**To do:**
The answer must be an exact printing of every record below, with the pictures omitted.

**Provided records:**
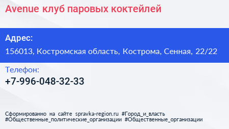 Avenue, клуб паровых коктейлей по адресу 156013, Костромская область, Кострома, Сенная, 22/22 в дальнейшем Организация, размещена в следующих категориях:
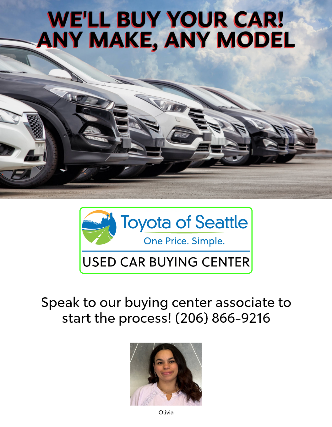 At Toyota of Seattle, we make the process of selling your used car simple, transparent, and hassle-free. Whether you're upgrading, downsizing, or just ready for a change, our Used Car Buying Center is here to help.
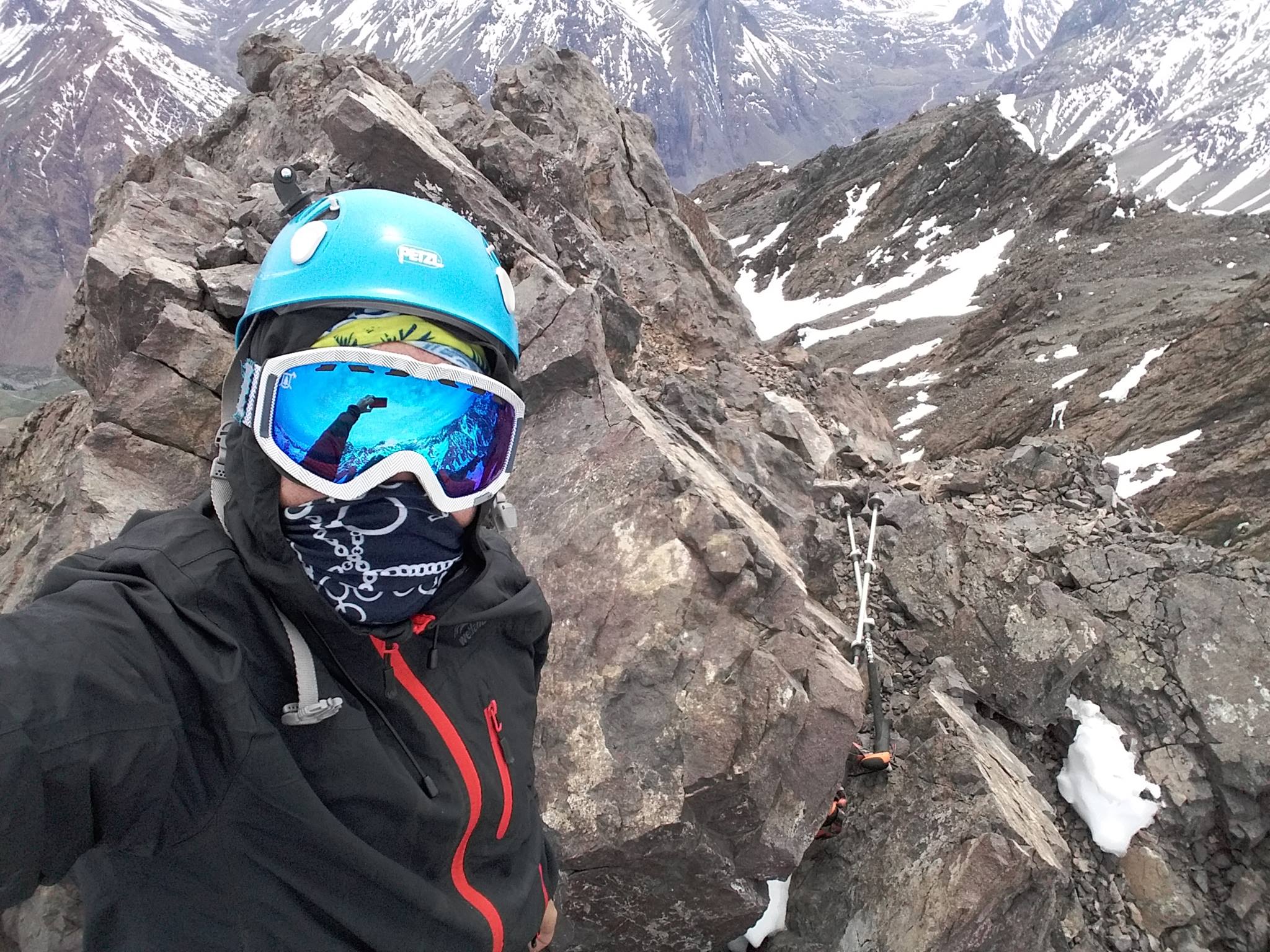 hermosa vista a lo valdes Un cerrazo,concentración máxima en el filo, pisando cornisas,trepes y destrepes, sin crampones ni piolet por nieve dura.
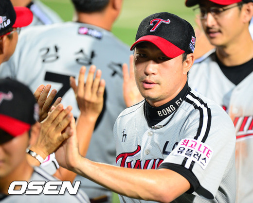 경기를 마치고 봉중근이 코치들과 하이파이브를 하고 있다. / rumi@osen.co.kr
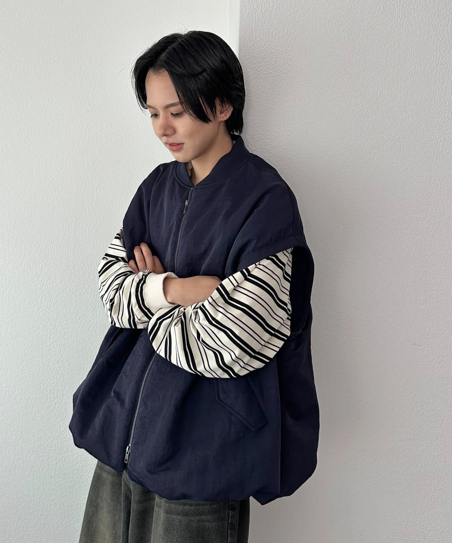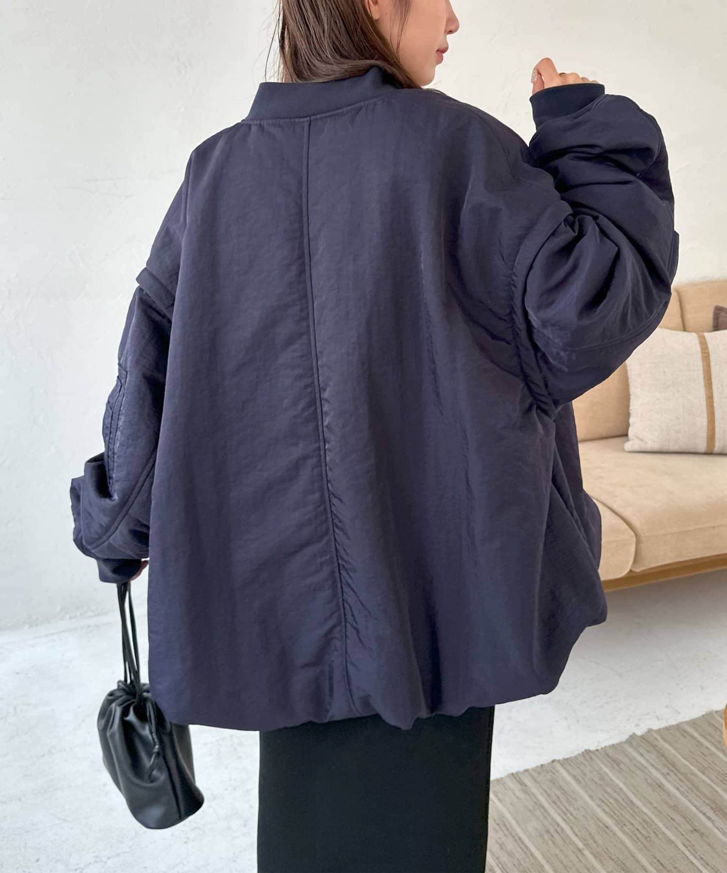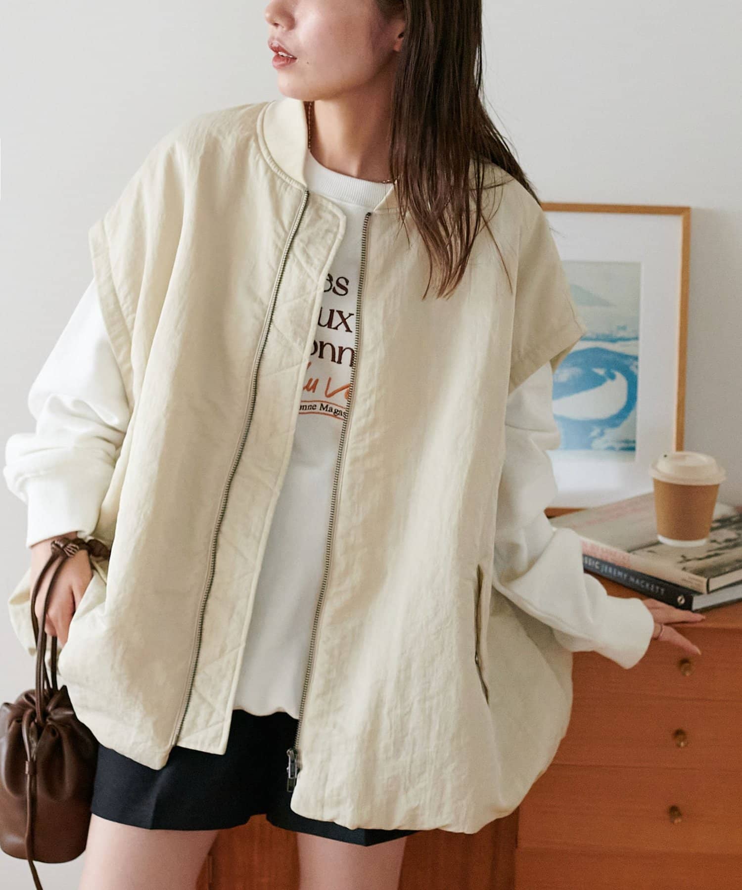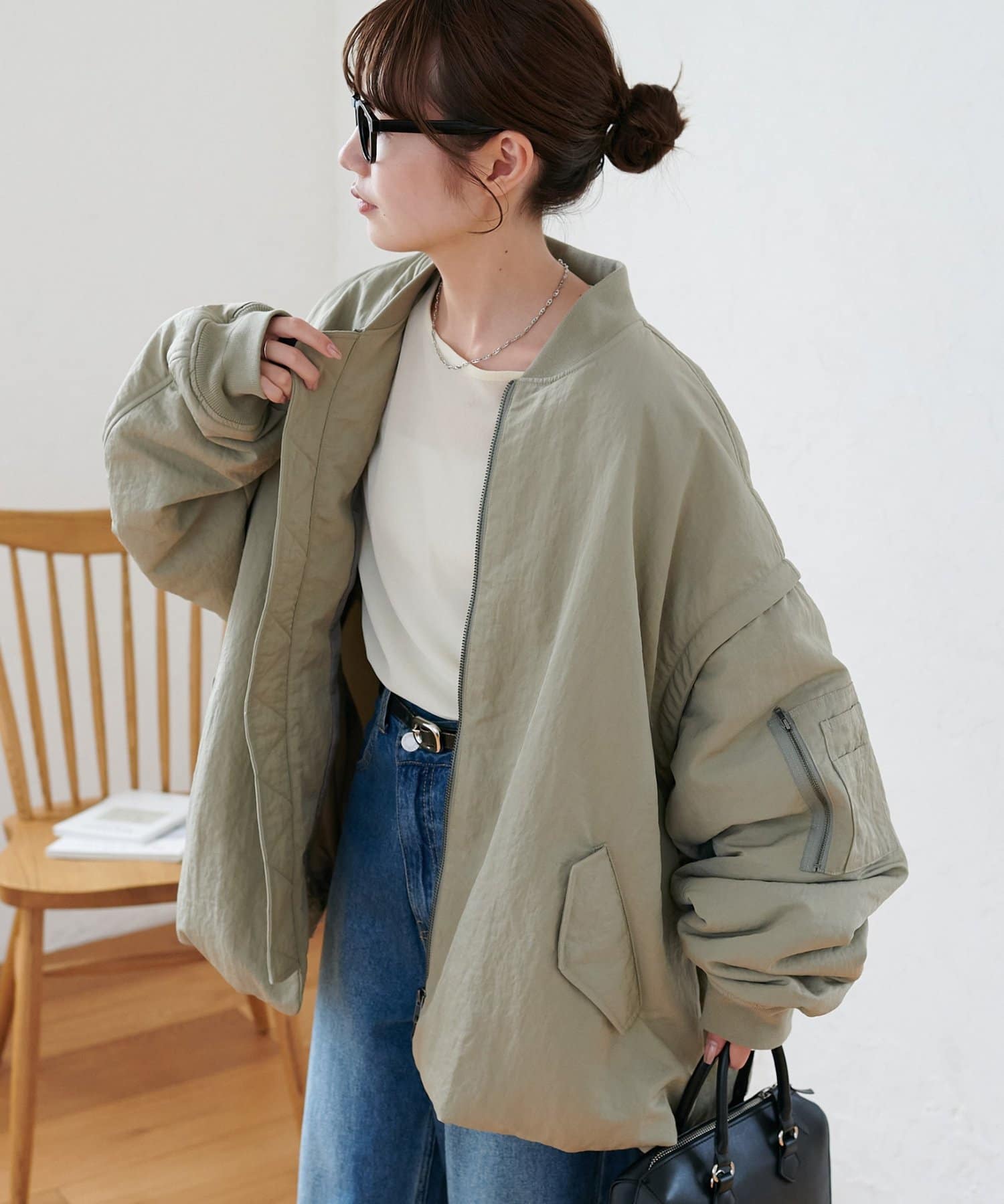 袖は取り外し可能で、ボンバーブルゾンとしてだけではなくベストとしても着まわしが可能!コーデの幅が広がります〇
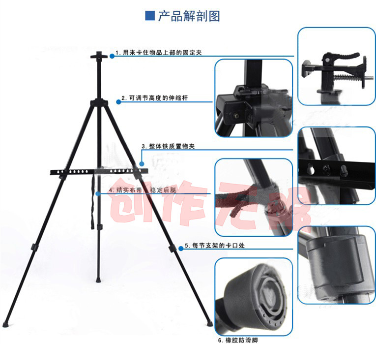 易秀三角画架结构合理、美观、调节灵活、使用稳定、携带轻便等特点。 特别是采用万向橡胶脚套,具有多方位任意定位之特点,保证任何地形创作时稳定、不打滑。
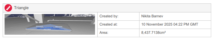 6. Planare Oberflächenmessung wird im Messungen -Tab in der entsprechenden Arbeitszone gespeichert.
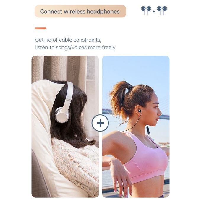 Two sets of earphones connected, support one for two functions, two wireless headsets or speakers are connected at the same time.

**Your solution:**
 Avenue, клуб паровых коктейлей по адресу 156013, Костромская область, Кострома, Сенная, 22/22 в дальнейшем Организация, размещена в следующих категориях:
 At Toyota of Seattle, we make the process of selling your used car simple, transparent, and hassle-free. Whether you're upgrading, downsizing, or just ready for a change, our Used Car Buying Center is here to help.
 hermosa vista a lo valdes Un cerrazo,concentración máxima en el filo, pisando cornisas,trepes y destrepes, sin crampones ni piolet por nieve dura.
 경기를 마치고 봉중근이 코치들과 하이파이브를 하고 있다. / rumi@osen.co.kr
 袖は取り外し可能で、ボンバーブルゾンとしてだけではなくベストとしても着まわしが可能!コーデの幅が広がります〇
 易秀三角画架结构合理、美观、调节灵活、使用稳定、携带轻便等特点。 特别是采用万向橡胶脚套,具有多方位任意定位之特点,保证任何地形创作时稳定、不打滑。
 6. Planare Oberflächenmessung wird im Messungen -Tab in der entsprechenden Arbeitszone gespeichert.
 Two sets of earphones connected, support one for two functions, two wireless headsets or speakers are connected at the same time.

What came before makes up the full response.